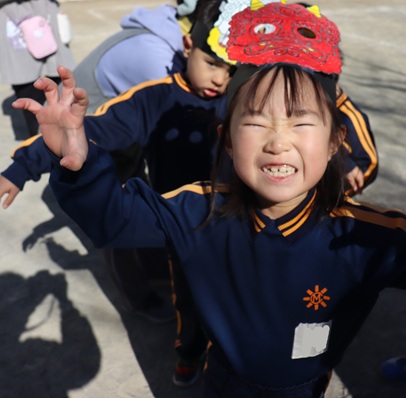 今日は節分でした。 子ども達は赤鬼や青鬼がやって来て 「おには外、福はうち」と声を出して楽しそうに豆を投げていました。 お部屋に戻ってからは...
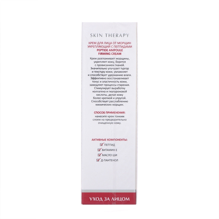 - Пептиды в составе крема стимулируют выработку коллагена и эластина, укрепляя кожу и улучшая её упругость, что способствует уменьшению видимости морщин.
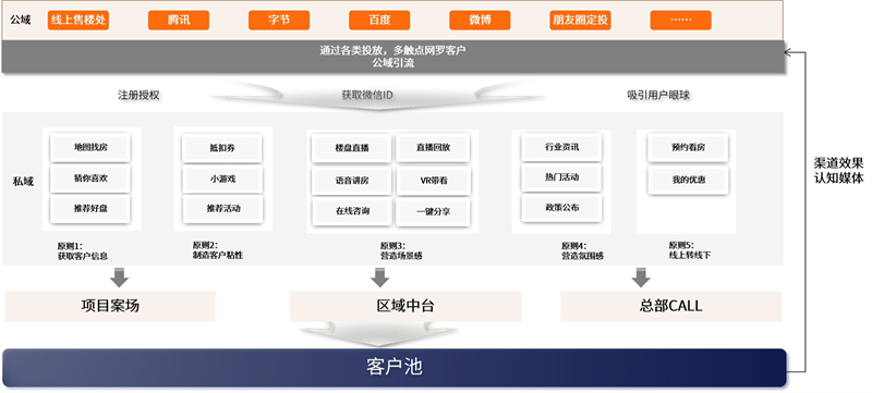 过去,运营人员需要通过各类投放、多触点网罗客户,从公域引流到线上售楼处,比如百度系、腾讯系、字节系等平台,这里通常会存在两个问题:
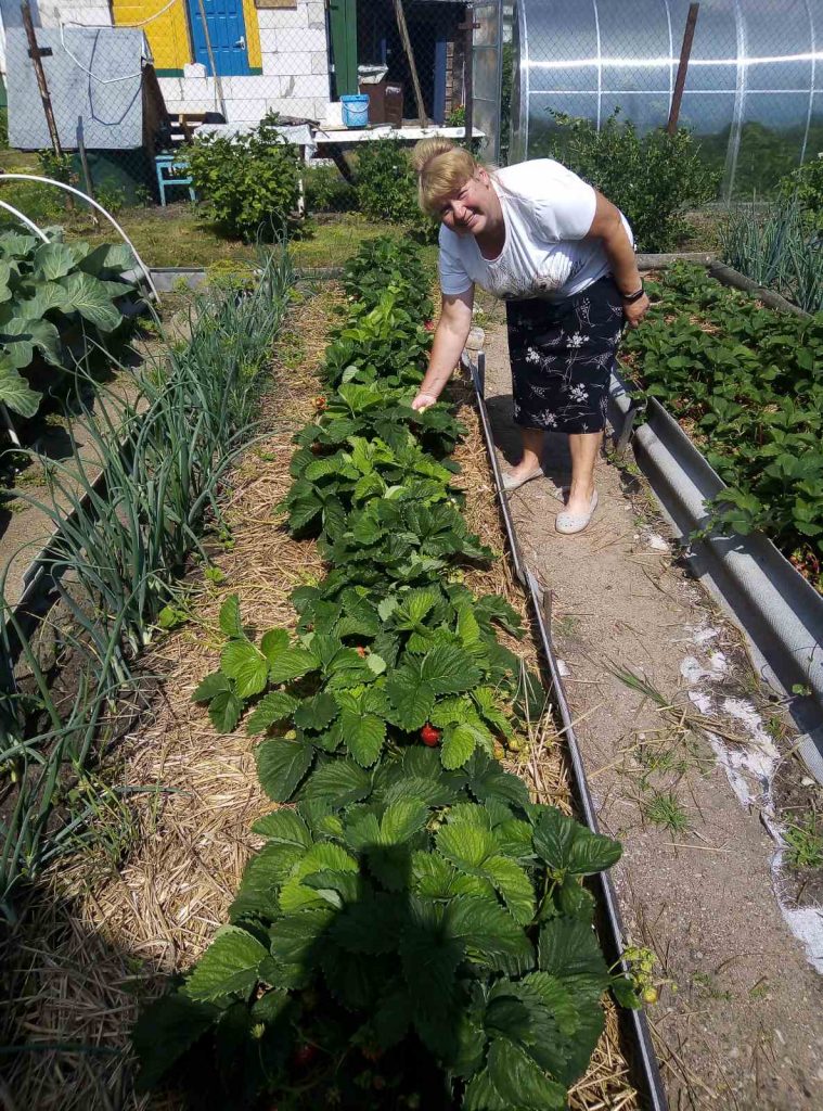 Особой гордостью хозяйки являются клубника. Почти каждая ягодка размером с куриное яйцо, а разные сорта позволяют лакомиться клубникой с июня по ноябрь.
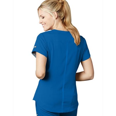 Women’s pant, 5-pocket, flat front with silicone draw-cord, elastic back, mid-rise, double-pocket single cargo, lapped vent with orange bartack accent detail at hem.

§ **THE PROBLEM**:
Please return, exactly as written, the lines from the first line of the records above through the line containing "- Пептиды в", both included, leaving out any pictures.

§ **EXERCISE OUTPUT**:
 今日は節分でした。 子ども達は赤鬼や青鬼がやって来て 「おには外、福はうち」と声を出して楽しそうに豆を投げていました。 お部屋に戻ってからは...
 - Пептиды в составе крема стимулируют выработку коллагена и эластина, укрепляя кожу и улучшая её упругость, что способствует уменьшению видимости морщин.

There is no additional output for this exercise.